┌────────

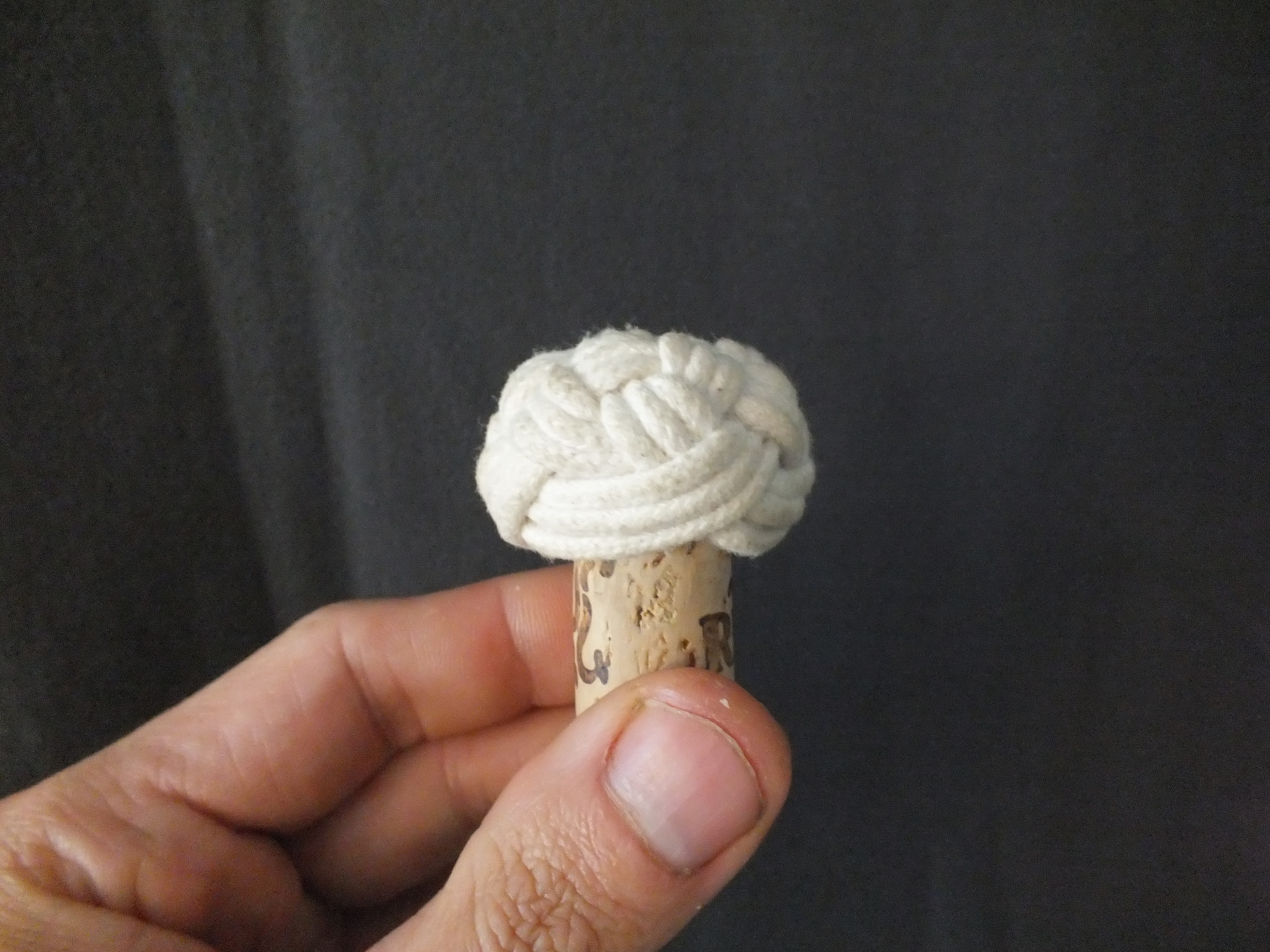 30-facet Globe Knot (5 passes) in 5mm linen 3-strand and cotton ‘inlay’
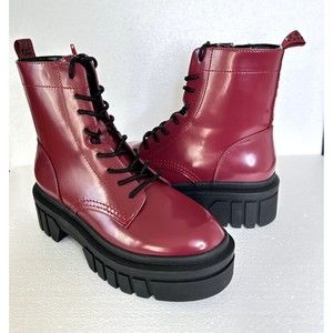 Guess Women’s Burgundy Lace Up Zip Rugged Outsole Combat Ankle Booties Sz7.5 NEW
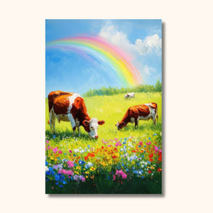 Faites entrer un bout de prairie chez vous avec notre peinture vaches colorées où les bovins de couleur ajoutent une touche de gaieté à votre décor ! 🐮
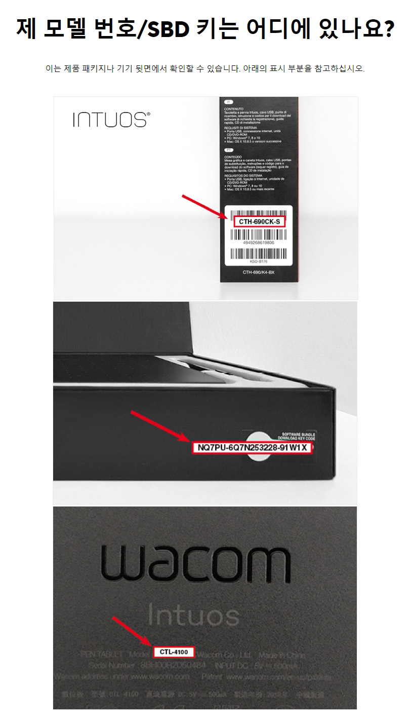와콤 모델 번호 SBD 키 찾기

└────────

Ignoring the pictures, write out word for word the lines from the line containing "Guess Women’s Burgundy" through the end of the material above.

▸ EXERCISE SOLUTION:
 Guess Women’s Burgundy Lace Up Zip Rugged Outsole Combat Ankle Booties Sz7.5 NEW
 Faites entrer un bout de prairie chez vous avec notre peinture vaches colorées où les bovins de couleur ajoutent une touche de gaieté à votre décor ! 🐮
와콤 모델 번호 SBD 키 찾기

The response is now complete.